==== MATERIAL TO PROCESS ====
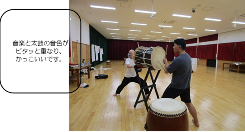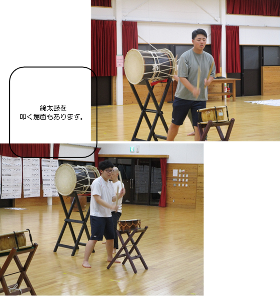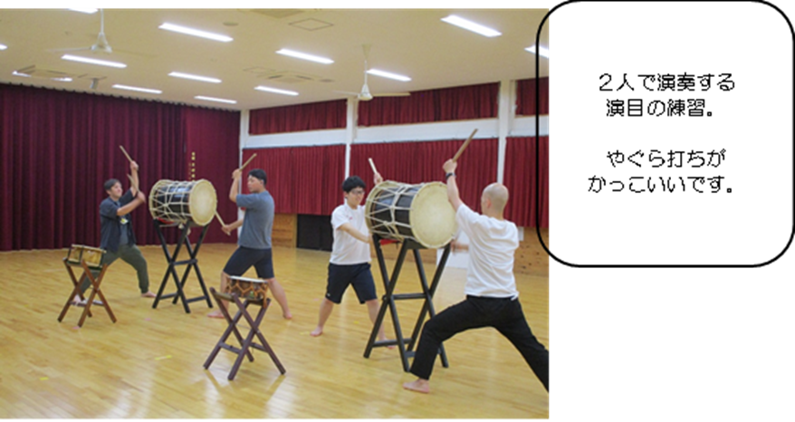 火曜日に実施している太鼓サークル。学習発表会前には、練習回数を増やし、火曜日以外にも練習をします。
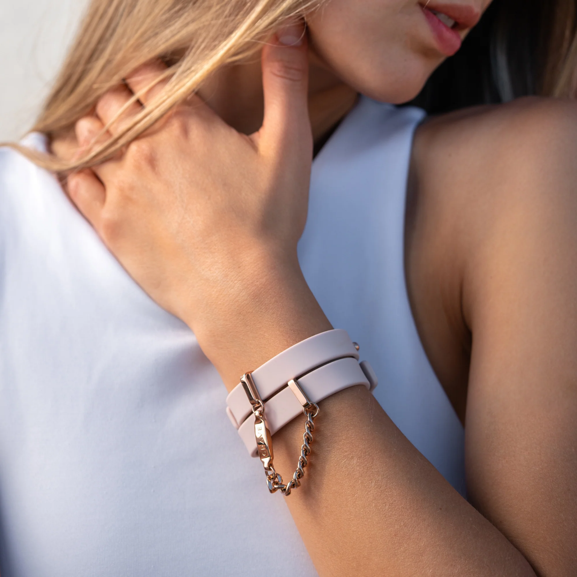 Wash necklace with non-silicone soap and water when fully assembled. Wipe Cuffs clean with a damp cloth. Do not use with silicone lube.
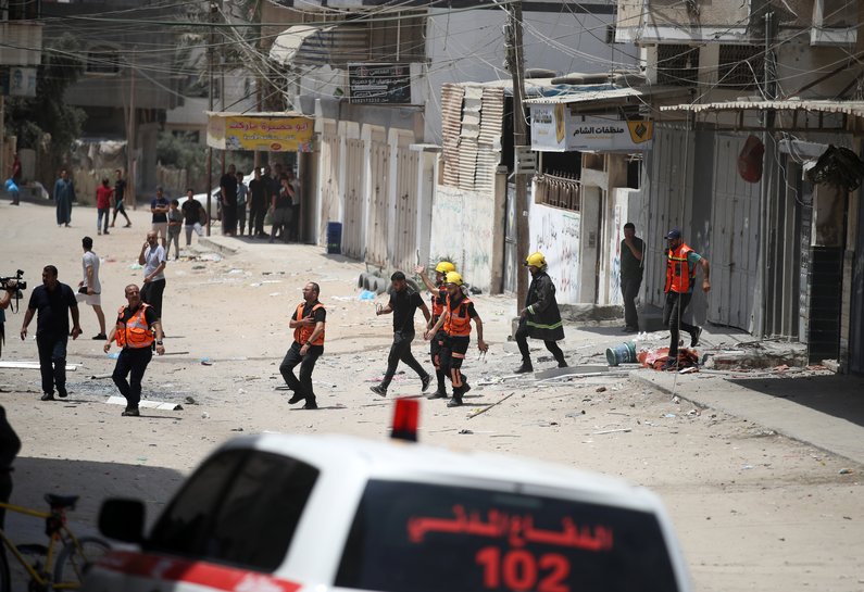 Photo: Emergency response teams during Israel's attacks on Gaza from 7-9 August 2022. (Credit: Mohammed Zaanoun).
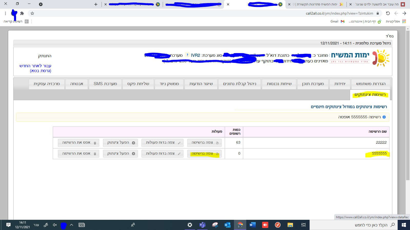 @מנסה תודה רבה. עזר לי מאד. האם יש אפשרות לקבל דו"ח של רשימת הת.ז שנכנסו למערכת סיום שיחה?
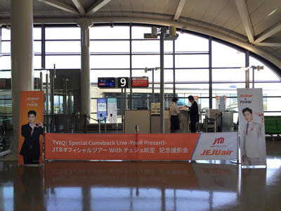 韓国のLCCチェジュ航空のイメージモデルを務める東方神起のファンミーティング「TVXQ! Special Comeback Live -YouR PresenT-」。JTBのオフィシャルツアー参加者によるユノ機の特別撮影会が成田空港で行われました。
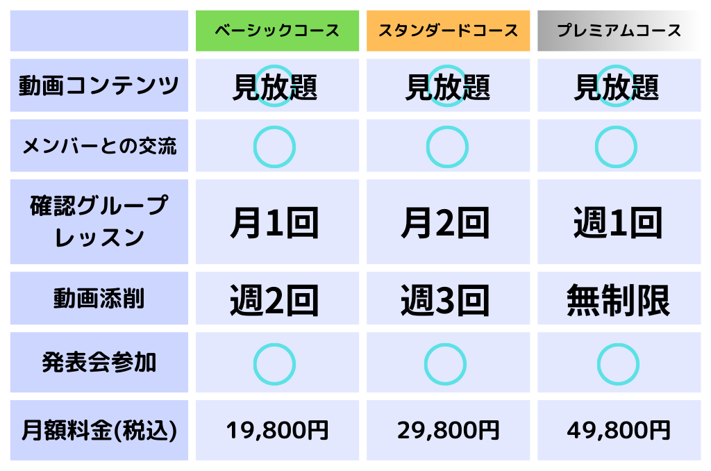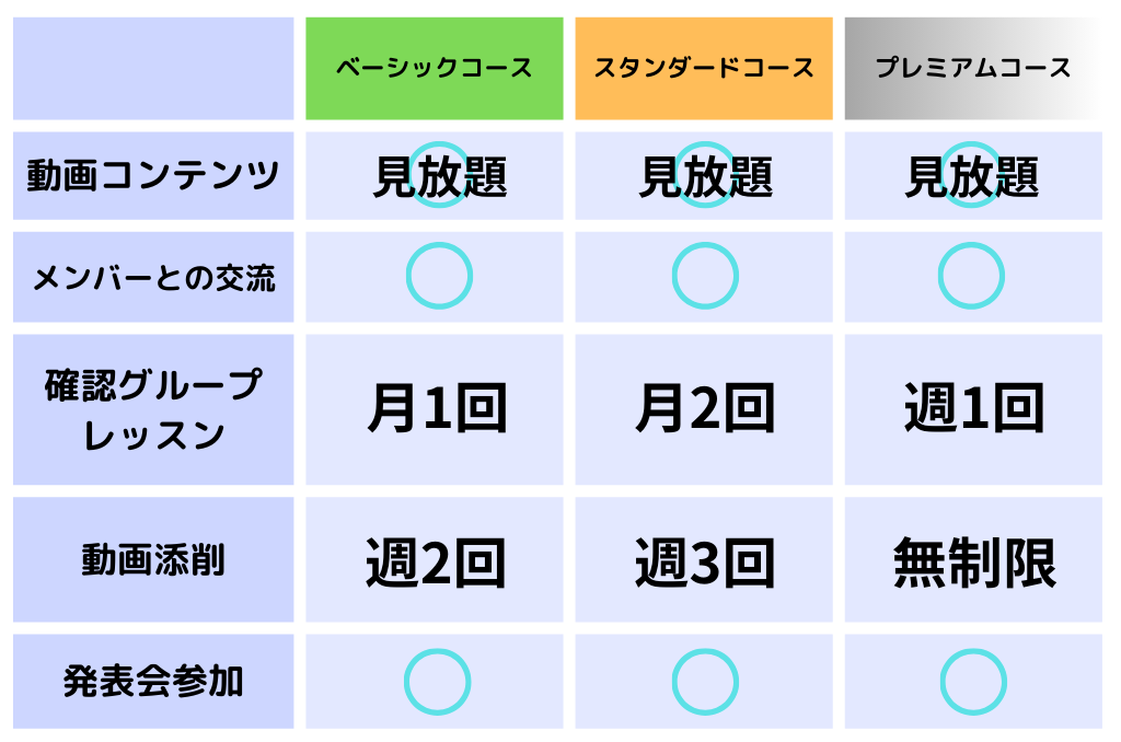 違いは確認グループレッスンと動画添削の利用回数のみですが、サービスの詳細について、ひとつずつご説明していきます。
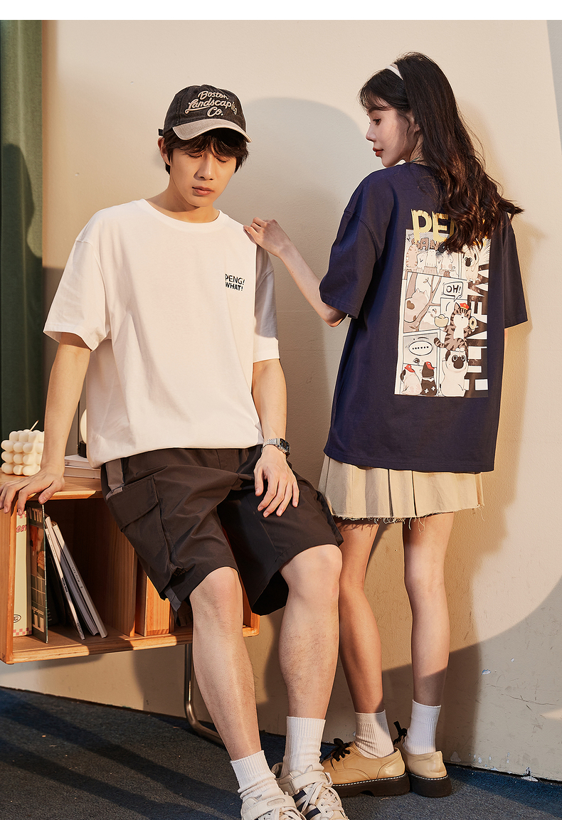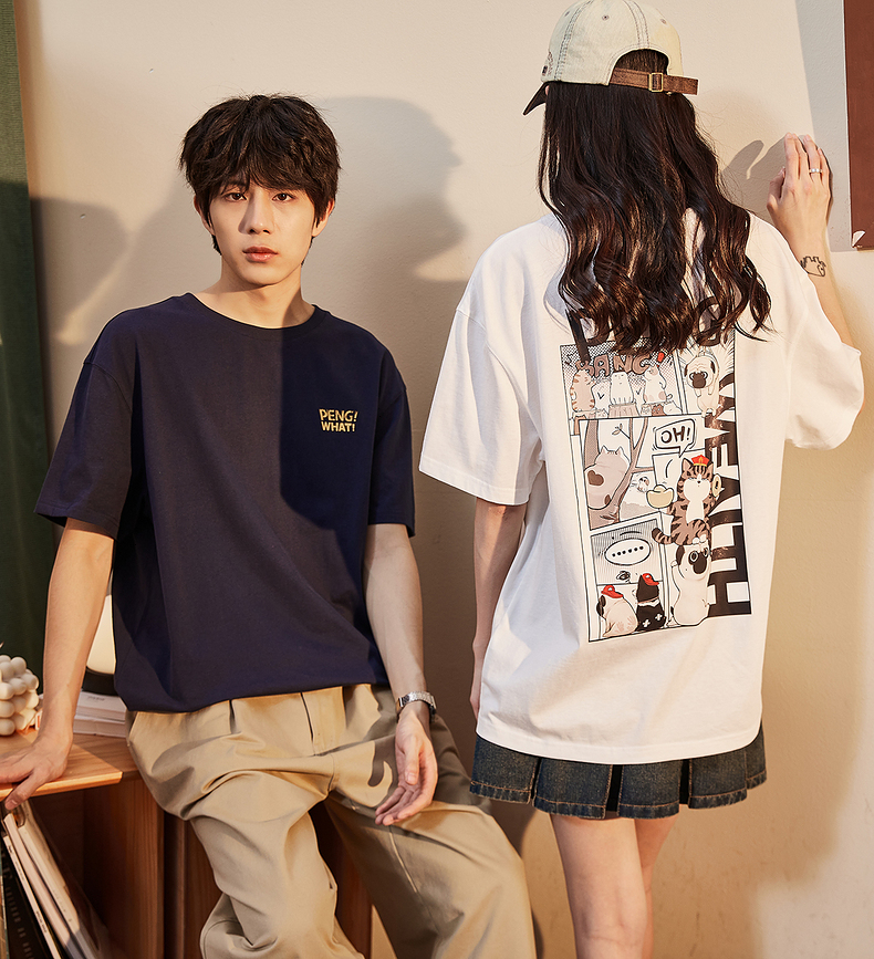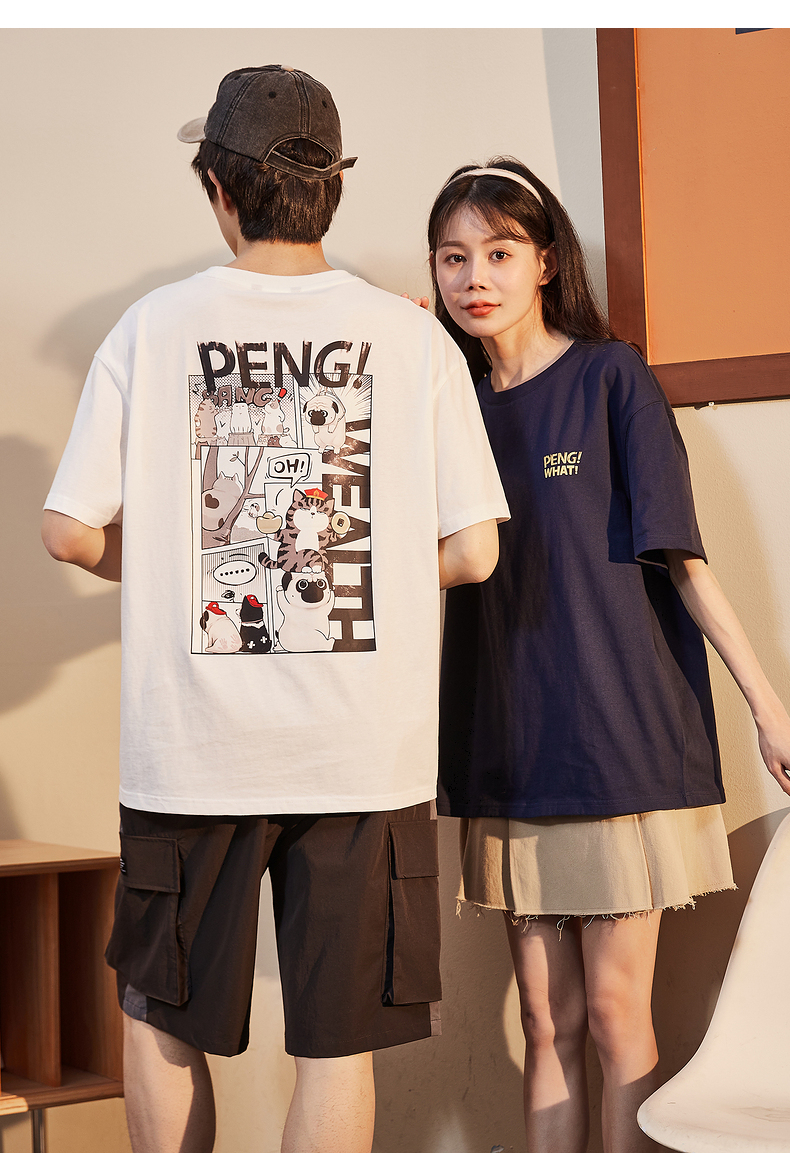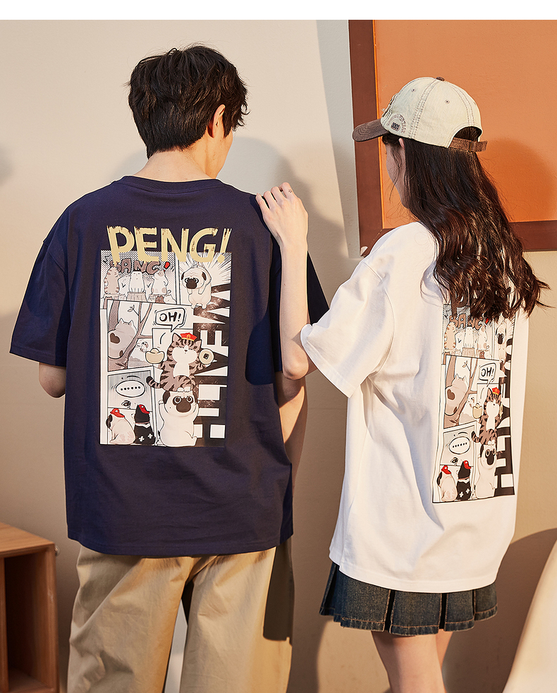 [吾皇貓聯名]唐獅2023夏季新款情侶短袖T恤印花男女半袖情侶裝潮
====
## EXERCISE INSTRUCTIONS
When you print the records above, keep them exact and leave out the pictures.

## RESULT FOR THIS EXERCISE
 火曜日に実施している太鼓サークル。学習発表会前には、練習回数を増やし、火曜日以外にも練習をします。
 Wash necklace with non-silicone soap and water when fully assembled. Wipe Cuffs clean with a damp cloth. Do not use with silicone lube.
 Photo: Emergency response teams during Israel's attacks on Gaza from 7-9 August 2022. (Credit: Mohammed Zaanoun).
 @מנסה תודה רבה. עזר לי מאד. האם יש אפשרות לקבל דו"ח של רשימת הת.ז שנכנסו למערכת סיום שיחה?
 韓国のLCCチェジュ航空のイメージモデルを務める東方神起のファンミーティング「TVXQ! Special Comeback Live -YouR PresenT-」。JTBのオフィシャルツアー参加者によるユノ機の特別撮影会が成田空港で行われました。
 違いは確認グループレッスンと動画添削の利用回数のみですが、サービスの詳細について、ひとつずつご説明していきます。
 [吾皇貓聯名]唐獅2023夏季新款情侶短袖T恤印花男女半袖情侶裝潮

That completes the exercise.